_Problem requirements_
In the listing below, find the line with "ネイビーと発色のいいグリーン" and the line with "The Women's Club". Repeat those two lines and all lines between them exactly.
-------
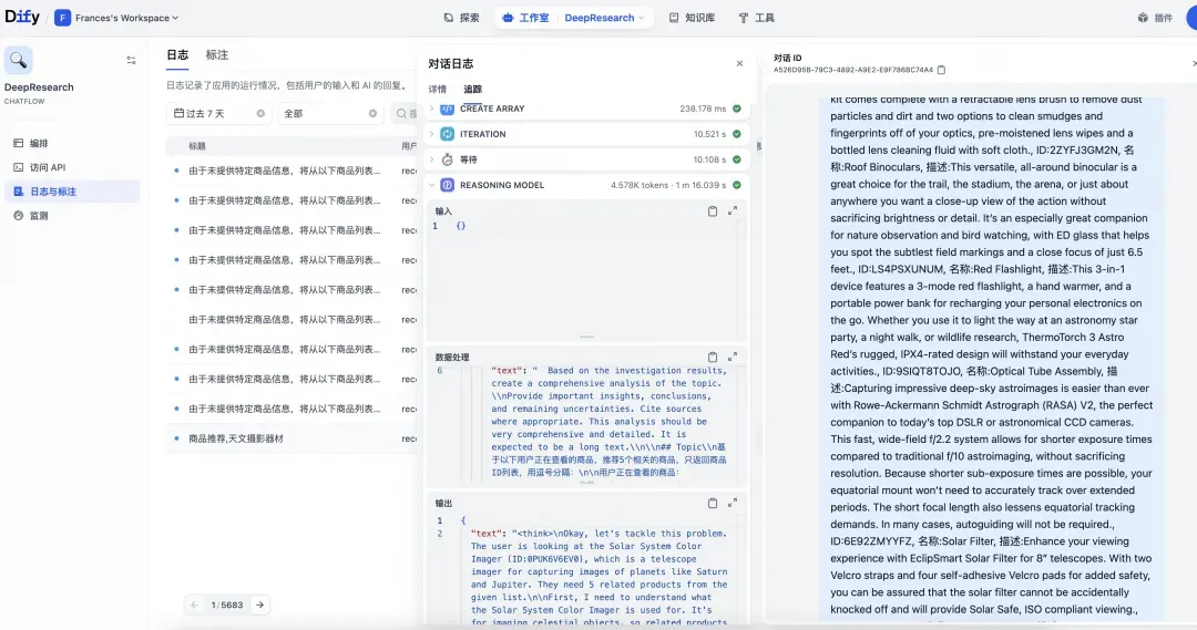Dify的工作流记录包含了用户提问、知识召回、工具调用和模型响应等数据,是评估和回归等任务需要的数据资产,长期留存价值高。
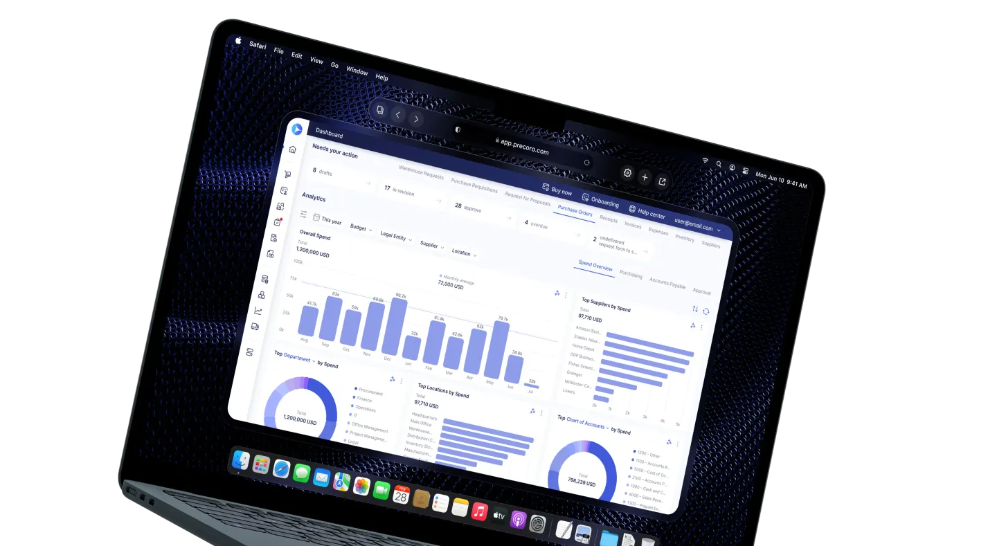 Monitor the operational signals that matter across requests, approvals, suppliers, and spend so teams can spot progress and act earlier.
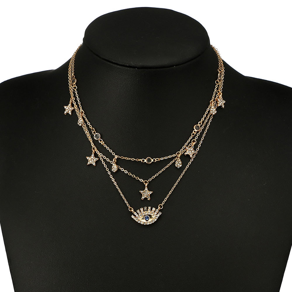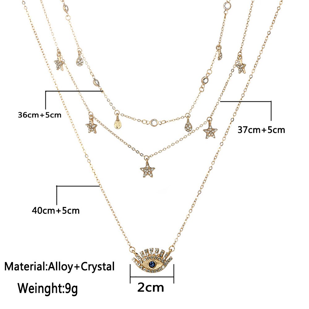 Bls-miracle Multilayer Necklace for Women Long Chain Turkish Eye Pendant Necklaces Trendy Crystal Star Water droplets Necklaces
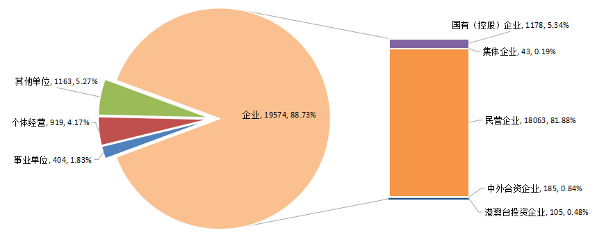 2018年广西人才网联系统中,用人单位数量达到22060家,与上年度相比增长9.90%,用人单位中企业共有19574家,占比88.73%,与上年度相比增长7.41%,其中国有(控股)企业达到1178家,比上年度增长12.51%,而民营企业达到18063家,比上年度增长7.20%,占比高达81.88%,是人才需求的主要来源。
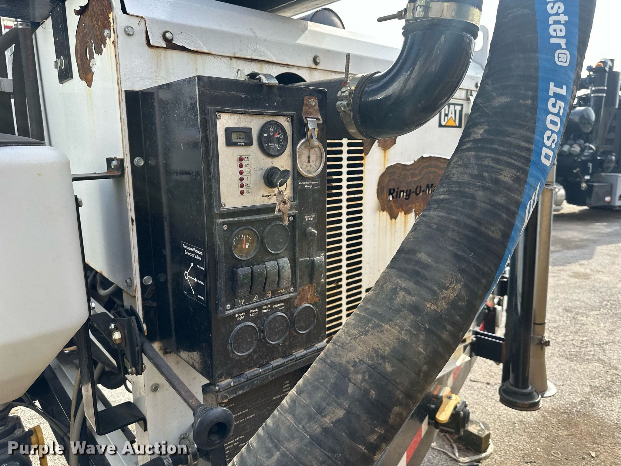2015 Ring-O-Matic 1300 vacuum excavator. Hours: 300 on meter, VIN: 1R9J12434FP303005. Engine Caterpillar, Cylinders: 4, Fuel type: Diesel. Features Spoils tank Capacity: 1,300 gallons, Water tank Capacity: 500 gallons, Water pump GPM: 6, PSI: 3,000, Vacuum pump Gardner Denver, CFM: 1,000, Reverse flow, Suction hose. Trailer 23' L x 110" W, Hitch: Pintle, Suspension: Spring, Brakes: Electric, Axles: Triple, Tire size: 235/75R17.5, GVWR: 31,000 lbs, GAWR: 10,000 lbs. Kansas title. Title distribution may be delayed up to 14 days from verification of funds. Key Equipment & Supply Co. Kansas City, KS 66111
-------
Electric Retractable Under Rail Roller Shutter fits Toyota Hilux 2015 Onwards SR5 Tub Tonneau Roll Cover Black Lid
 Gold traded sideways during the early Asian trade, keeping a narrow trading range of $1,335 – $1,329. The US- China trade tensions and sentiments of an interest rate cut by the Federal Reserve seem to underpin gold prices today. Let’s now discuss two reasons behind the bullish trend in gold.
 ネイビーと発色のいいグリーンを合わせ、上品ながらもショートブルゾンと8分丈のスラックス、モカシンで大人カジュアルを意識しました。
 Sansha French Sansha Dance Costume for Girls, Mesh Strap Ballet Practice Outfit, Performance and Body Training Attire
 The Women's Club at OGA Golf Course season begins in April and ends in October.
-------
_Response_
 ネイビーと発色のいいグリーンを合わせ、上品ながらもショートブルゾンと8分丈のスラックス、モカシンで大人カジュアルを意識しました。
 Sansha French Sansha Dance Costume for Girls, Mesh Strap Ballet Practice Outfit, Performance and Body Training Attire
 The Women's Club at OGA Golf Course season begins in April and ends in October.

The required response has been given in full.